▸ RECORDS FOR THIS TASK:

——

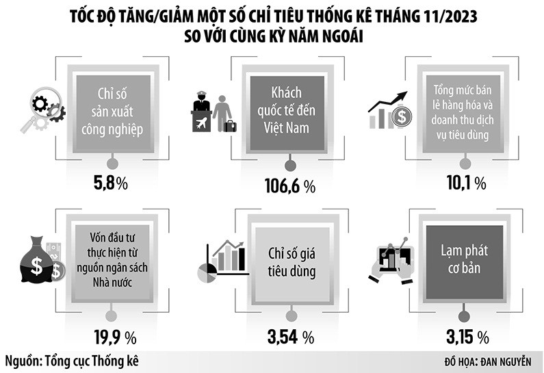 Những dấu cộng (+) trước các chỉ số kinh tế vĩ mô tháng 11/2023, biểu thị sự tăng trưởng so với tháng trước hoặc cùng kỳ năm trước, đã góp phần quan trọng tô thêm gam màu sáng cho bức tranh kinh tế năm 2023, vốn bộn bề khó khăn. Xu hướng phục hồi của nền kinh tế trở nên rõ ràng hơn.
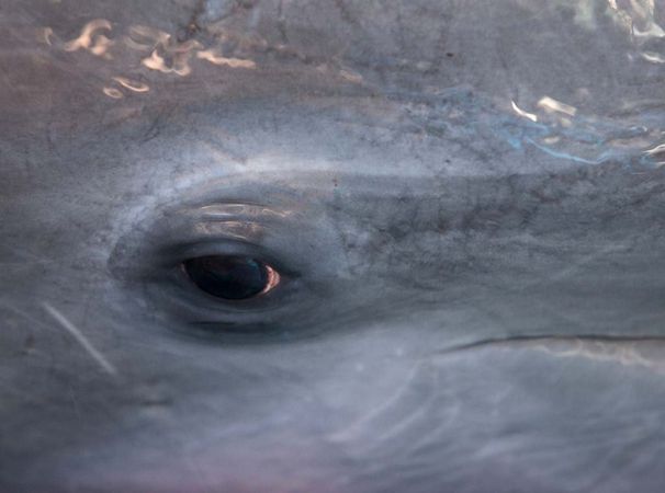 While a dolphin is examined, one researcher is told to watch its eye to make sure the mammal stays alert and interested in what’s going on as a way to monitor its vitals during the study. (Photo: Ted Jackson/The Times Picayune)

——

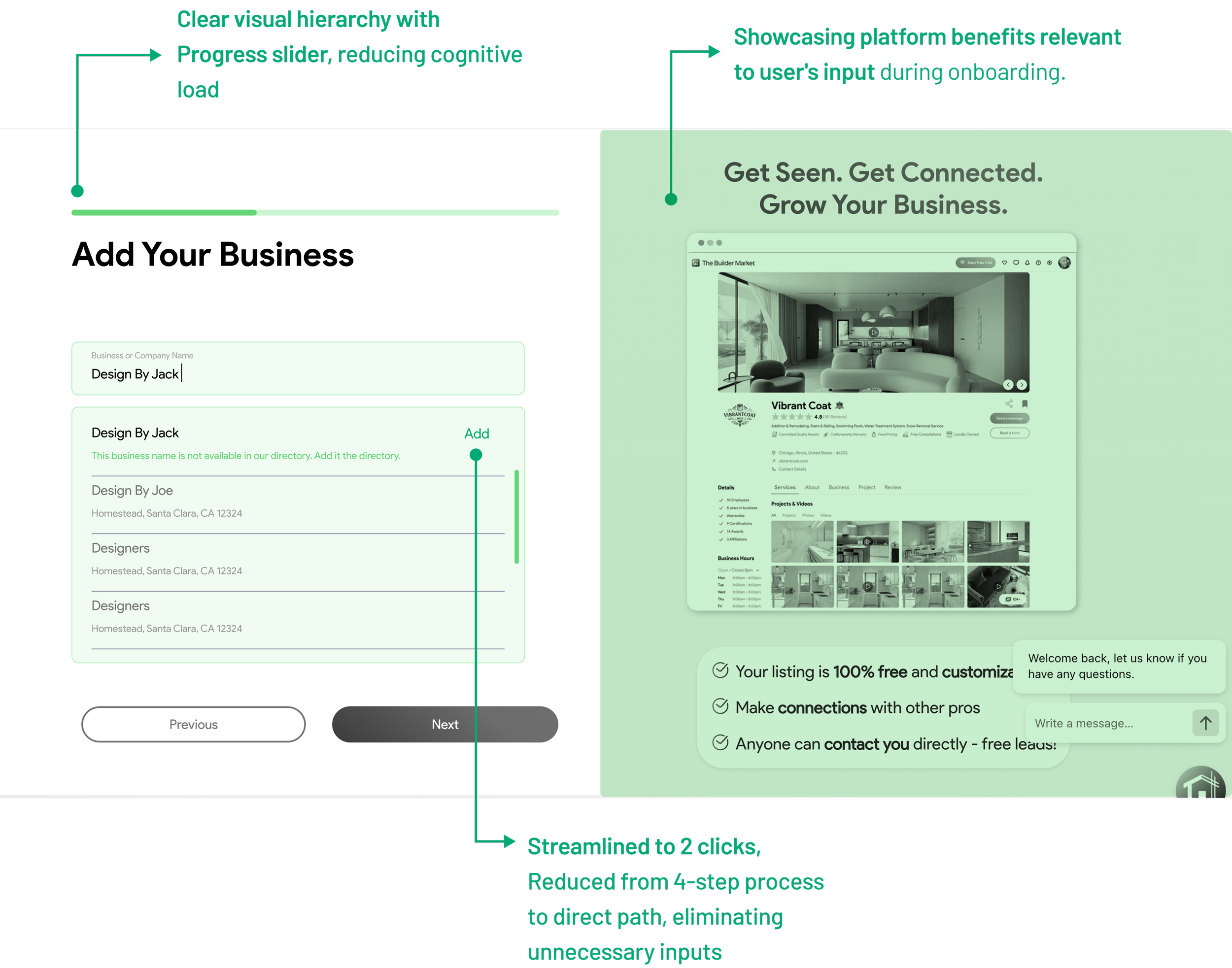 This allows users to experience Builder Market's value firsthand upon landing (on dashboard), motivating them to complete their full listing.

——

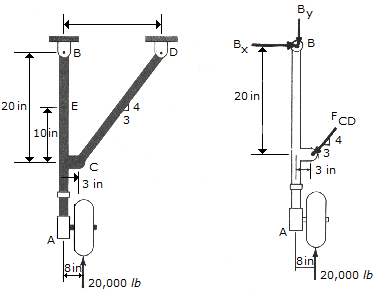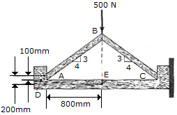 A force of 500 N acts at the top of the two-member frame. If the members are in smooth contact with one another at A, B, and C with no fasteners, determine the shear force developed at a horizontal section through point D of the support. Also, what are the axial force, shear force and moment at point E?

——

The copy should hold only the lines from the one with "Những dấu cộng" through the one with "While a dolphin", exactly as they stand above. Leave out the pictures.

 Những dấu cộng (+) trước các chỉ số kinh tế vĩ mô tháng 11/2023, biểu thị sự tăng trưởng so với tháng trước hoặc cùng kỳ năm trước, đã góp phần quan trọng tô thêm gam màu sáng cho bức tranh kinh tế năm 2023, vốn bộn bề khó khăn. Xu hướng phục hồi của nền kinh tế trở nên rõ ràng hơn.
 While a dolphin is examined, one researcher is told to watch its eye to make sure the mammal stays alert and interested in what’s going on as a way to monitor its vitals during the study. (Photo: Ted Jackson/The Times Picayune)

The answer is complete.